Beck's cognitive triad, also known as the negative triad, is a cognitive-therapeutic view of the three key elements of a person's belief system present in depression. It was proposed by Aaron Beck in 1967. The triad forms part of his cognitive theory of depression and the concept is used as part of CBT, particularly in Beck's "Treatment of Negative Automatic Thoughts" (TNAT) approach.

The triad involves "automatic,  spontaneous and seemingly uncontrollable negative thoughts" about:
 The self
 The world or environment
 The future

Examples of this negative thinking include:
The self – "I'm worthless and ugly" or "I wish I was different"
The world – "No one values me" or "people ignore me all the time"
The future – "I'm hopeless because things will never change" or "things can only get worse!"

Beck's cognitive model of depression
From a cognitive perspective, depressive disorders are characterized by people's dysfunctional negative views of themselves, their life experience (and the world in general), and their future—the cognitive triad.

People with depression often view themselves as unlovable, helpless, doomed or deficient. They tend to attribute their unpleasant experiences to their presumed physical, mental, and/or moral deficits. They tend to feel excessively guilty, believing that they are worthless, blameworthy, and rejected by self and others. They may have a very difficult time viewing themselves as people who could ever succeed, be accepted, or feel good about themselves and this may lead to withdrawal and isolation, which further worsens the mood.

Cognitive distortions

Beck proposes that those with depression develop cognitive distortions, a type of cognitive bias sometimes also referred to as faulty or unhelpful thinking patterns. Beck referred to some of these biases as "automatic thoughts", suggesting they are not entirely under conscious control. People with depression will tend to quickly overlook their positive attributes and disqualify their accomplishments as being minor or meaningless. They may also misinterpret the care, good will, and concern of others as being based on pity or susceptible to being lost easily if those others knew the “real person" and this fuels further feelings of guilt. The main cognitive distortions according to Beck are summarised below:
 Arbitrary inference - drawing conclusions from insufficient or no evidence.
 Selective abstraction - drawing conclusions on the basis of just one of many elements of a situation. 
 Overgeneralisation - making sweeping conclusions based on a single event.
 Magnification - exaggerating the importance of an undesirable event.
 Minimisation - underplaying the significance of a positive event.
 Personalisation - attributing negative feelings of others to oneself.

Depressed people view their lives as devoid of pleasure or reward, presenting insuperable obstacles to achieving their important goals. This is often manifested as a lack of motivation and leads to the depressed person feeling further withdrawal and isolation as they may be seen as lazy by others.  Everything seems and feels “too hard to manage” and other people are seen as punishing (or potentially so). They believe that their troubles will continue indefinitely, and that the future will only bring further hardship, deprivation, and frustration. “Paralysis of the will” results from the depressed patients' pessimism and hopelessness. Expecting their efforts to end in failure, they are reluctant to commit themselves to growth-oriented goals, and their activity level drops. Believing that they cannot affect the outcome of various situations, they experience a desire to avoid such situations.

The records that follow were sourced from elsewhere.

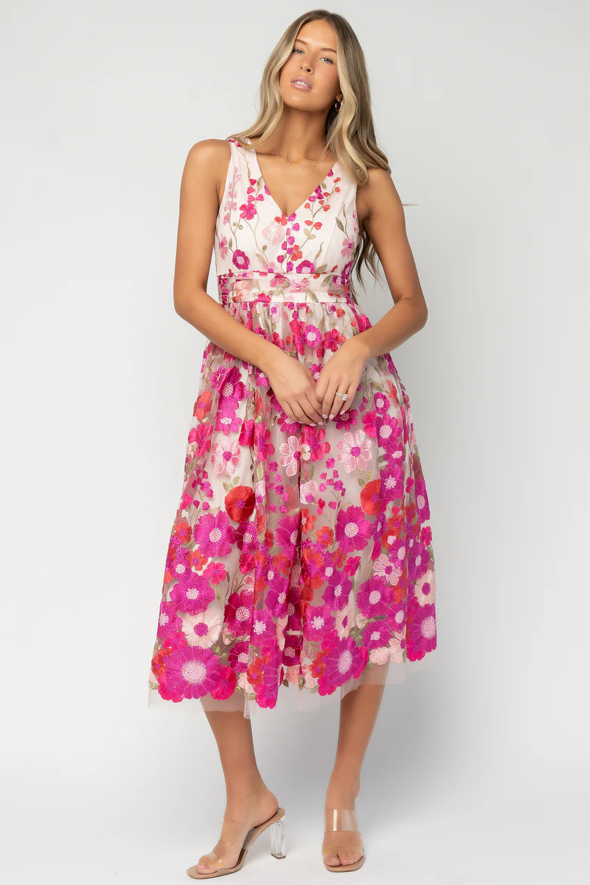 The Lila Embroidered Midi Dress is a romantic tulle silhouette in soft pink with multi-hue floral embroidery. Lightweight and feminine, it layers airy tulle over a smooth lined base for comfortable wear at weddings, showers, and garden events.
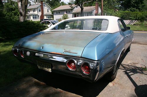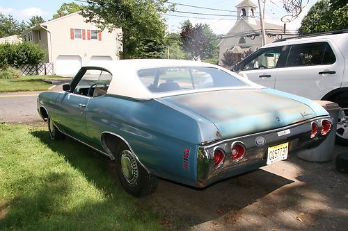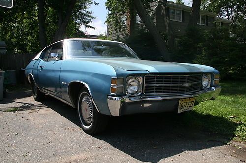 1971 Chevy Chevelle with 80040 original miles. Car is Ascot Blue with white vinyl top, 307 Engine which was recently renovated along with bench seat, and has powerglide transmission. Car is in great shape for year, excellent second car or everyday driver, very reliable. I am second owner of car and have original sticker, warranty plate and showroom catalog. Buyer must arrange for shipping. Certified Bank Check as payment please.
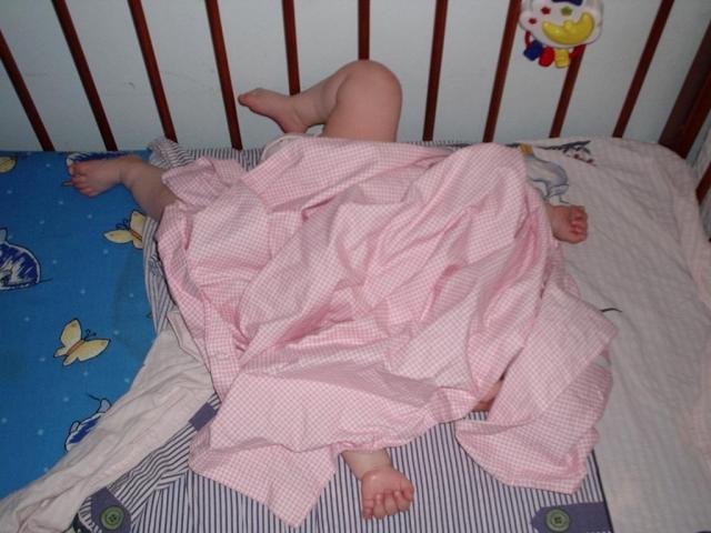 Заспиването - напоследък и Гери след като я накърмя ако не е заспала на гърдата започва едно обикаляне из леглото, едно чудо.. или пък се хваща за решетката, подава си главата и като фиксита някой започва един хилеж... голяма скица.
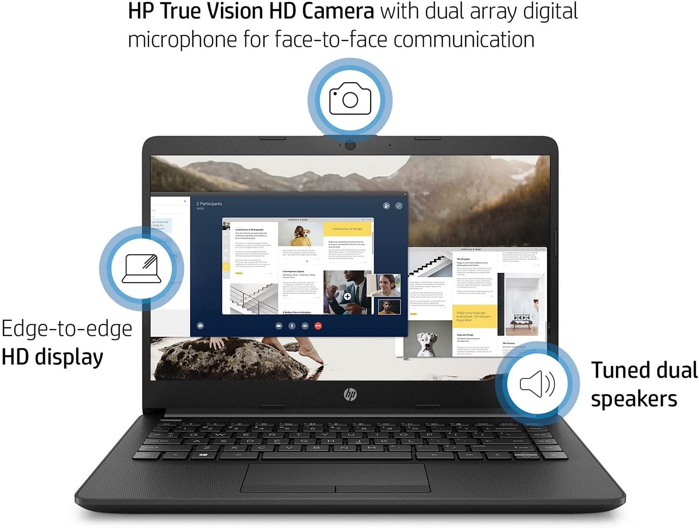 Built-in HD Webcam: HP True Vision 720p HD camera with integrated dual array digital microphones
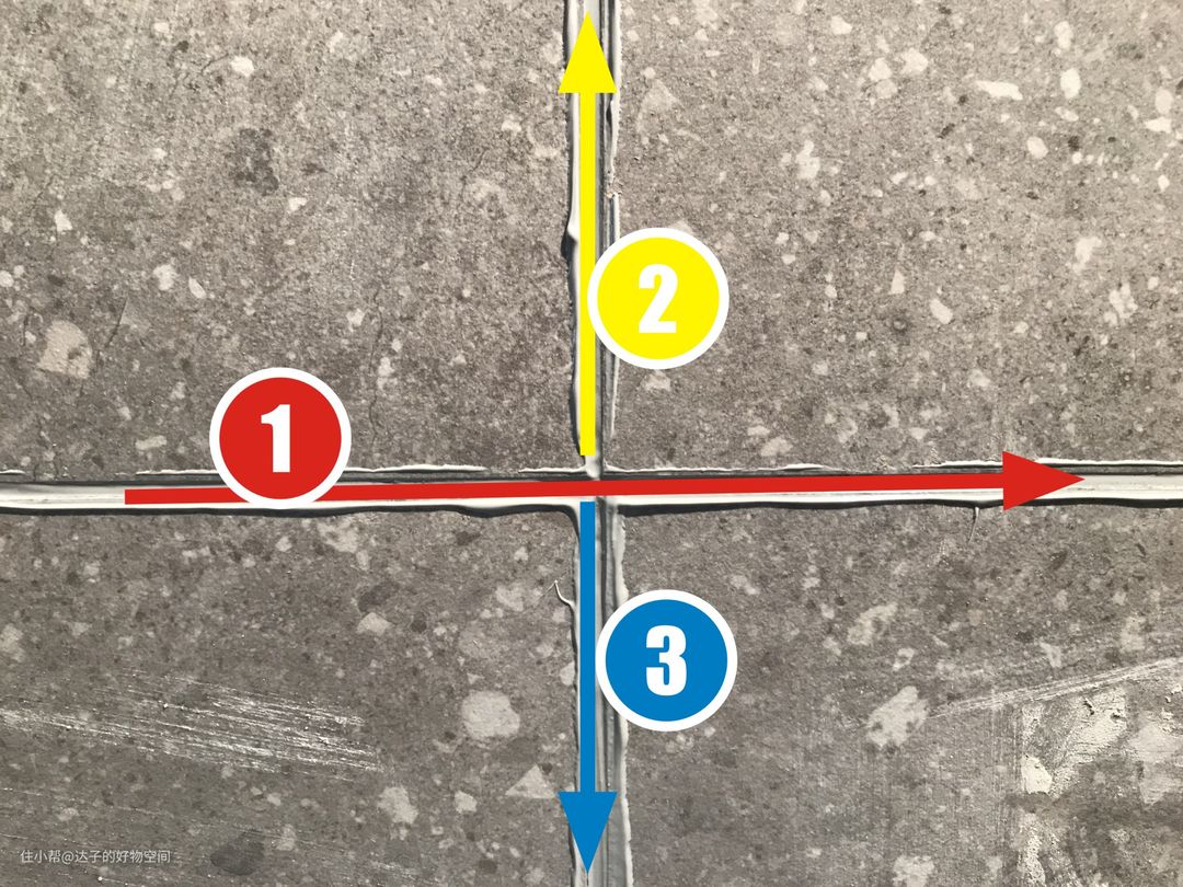 在压缝的时候,会遇到交界的“十字口”,大家可以脑补一下,先压横线,再压竖线的话,横线上十字口的位置就会被竖线的美缝剂盖住,最终会凸出来。解决这个的方法是有十字口的区域压缝分三步走。具体步骤参考下图。当然也可以竖线是1,横线是2、3,根据你的习惯来吧。
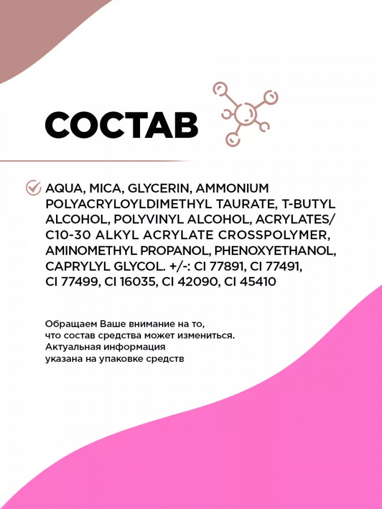 Мало того, что товар пришел вскрытый, (внутри отпечатки засохшего продукта, которого при первом вскрытии быть не должно😡) так и цвет ещё отвратительный. Он не коричневый, он розовый (на этикетке так и написано матовый розово-бежевый)! Забиваются в складочку и скатываются. Наверное будет хорош как румяна, нужно пробовать.

Suicidal wishes are seen as an extreme expression of the desire to escape from problems that appear to be uncontrollable, interminable, and unbearable.

Negative self-schemata 
Beck also believed that a depressed person will, often from childhood experiences, hold a negative self-schema. This schema may originate from negative early experiences, such as criticism, abuse or bullying. Beck suggests that people with negative self-schemata are liable to interpret information presented to them in a negative manner, leading to the cognitive distortions outlined above. The pessimistic explanatory style, which describes the way in which depressed or neurotic people react negatively to certain events, is an example of the effect of these schemata on self-image. This explanatory style involves blaming oneself for negative events outside of their control or the behaviour of others (personalisation), believing that such events will continue forever and letting these events significantly affect their emotional wellbeing.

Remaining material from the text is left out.